_Given information_.
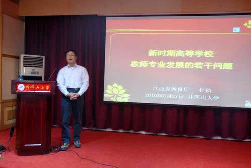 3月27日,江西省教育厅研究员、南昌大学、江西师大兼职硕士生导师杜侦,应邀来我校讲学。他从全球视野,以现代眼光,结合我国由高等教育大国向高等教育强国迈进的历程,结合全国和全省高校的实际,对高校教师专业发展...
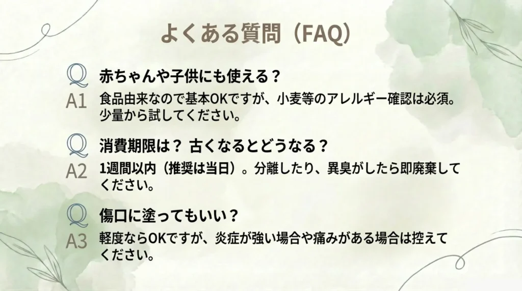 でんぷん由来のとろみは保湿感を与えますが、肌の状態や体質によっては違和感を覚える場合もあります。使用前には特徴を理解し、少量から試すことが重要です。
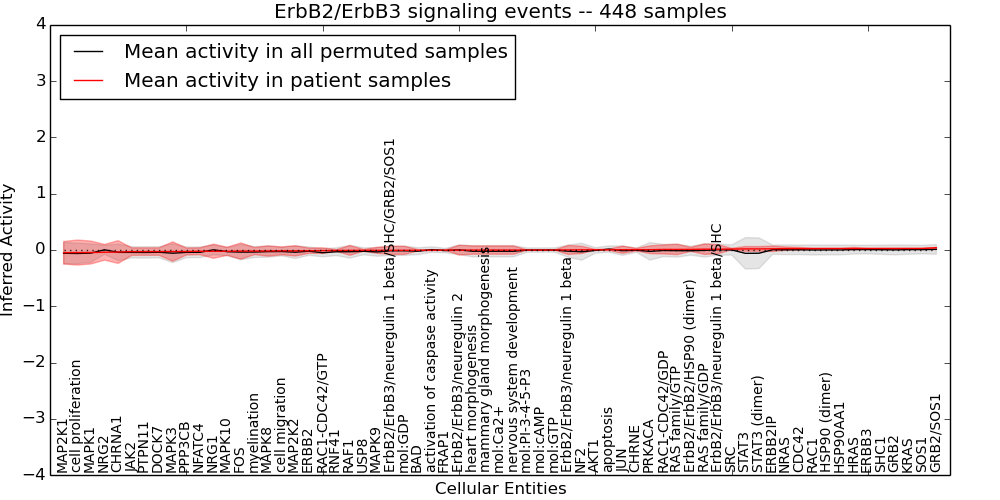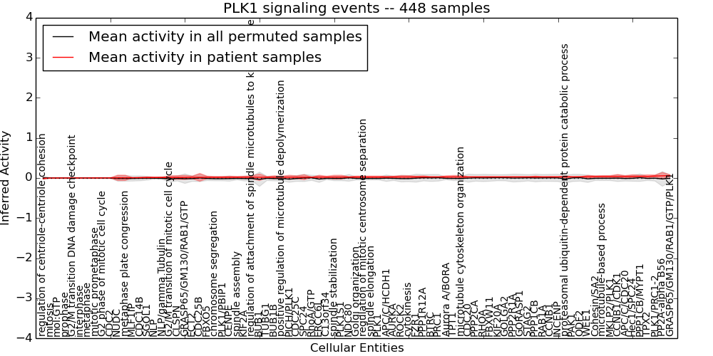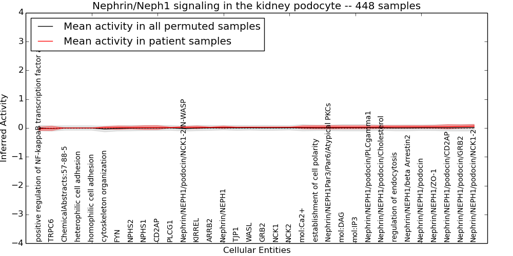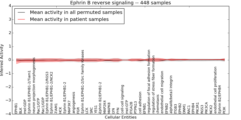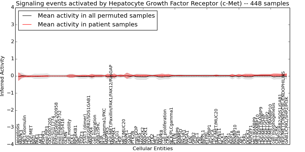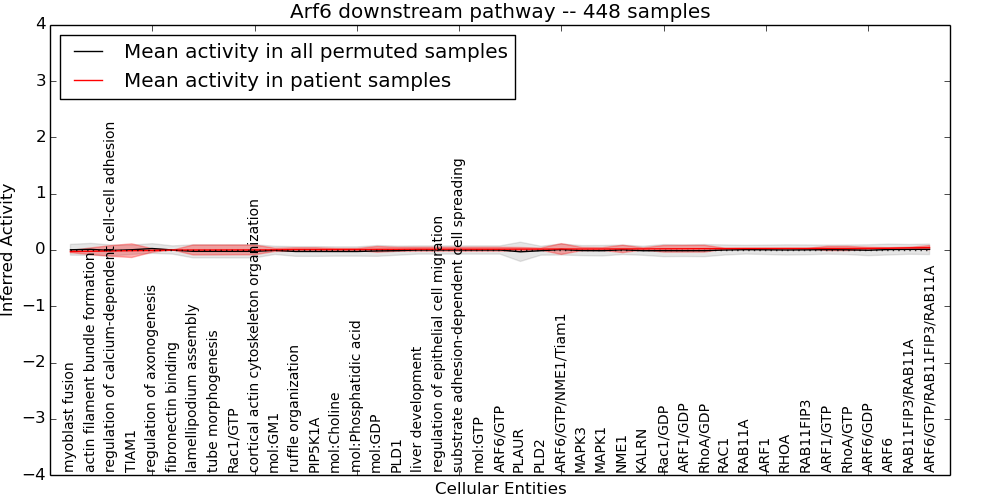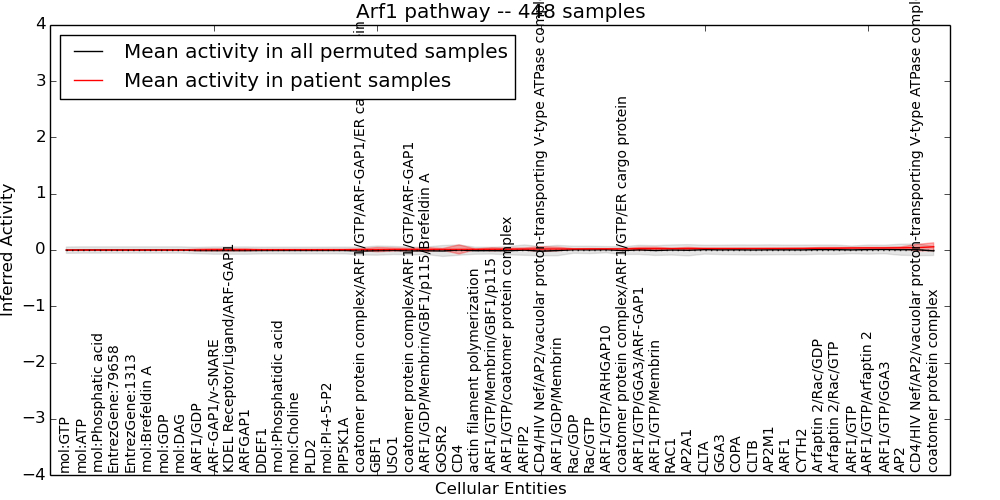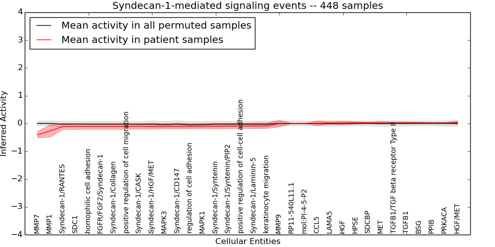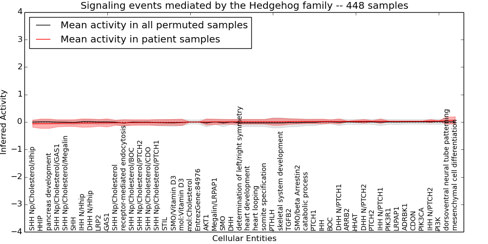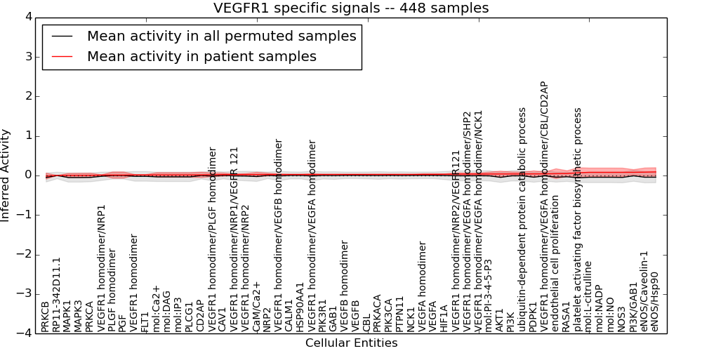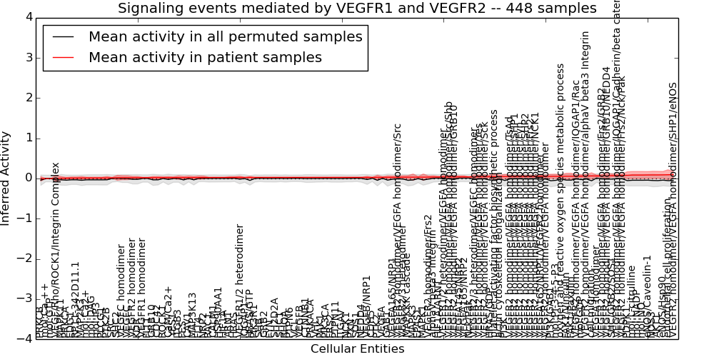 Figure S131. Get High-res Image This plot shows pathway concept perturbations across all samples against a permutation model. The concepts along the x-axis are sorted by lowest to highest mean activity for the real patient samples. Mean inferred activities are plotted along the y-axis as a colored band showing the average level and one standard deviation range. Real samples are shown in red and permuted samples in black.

_Action item_.
Lines from the start of the material through the line containing "でんぷん由来のとろみは保湿感" are to be restated word for word; no picture may be included.

_Expected answer_.
 3月27日,江西省教育厅研究员、南昌大学、江西师大兼职硕士生导师杜侦,应邀来我校讲学。他从全球视野,以现代眼光,结合我国由高等教育大国向高等教育强国迈进的历程,结合全国和全省高校的实际,对高校教师专业发展...
 でんぷん由来のとろみは保湿感を与えますが、肌の状態や体質によっては違和感を覚える場合もあります。使用前には特徴を理解し、少量から試すことが重要です。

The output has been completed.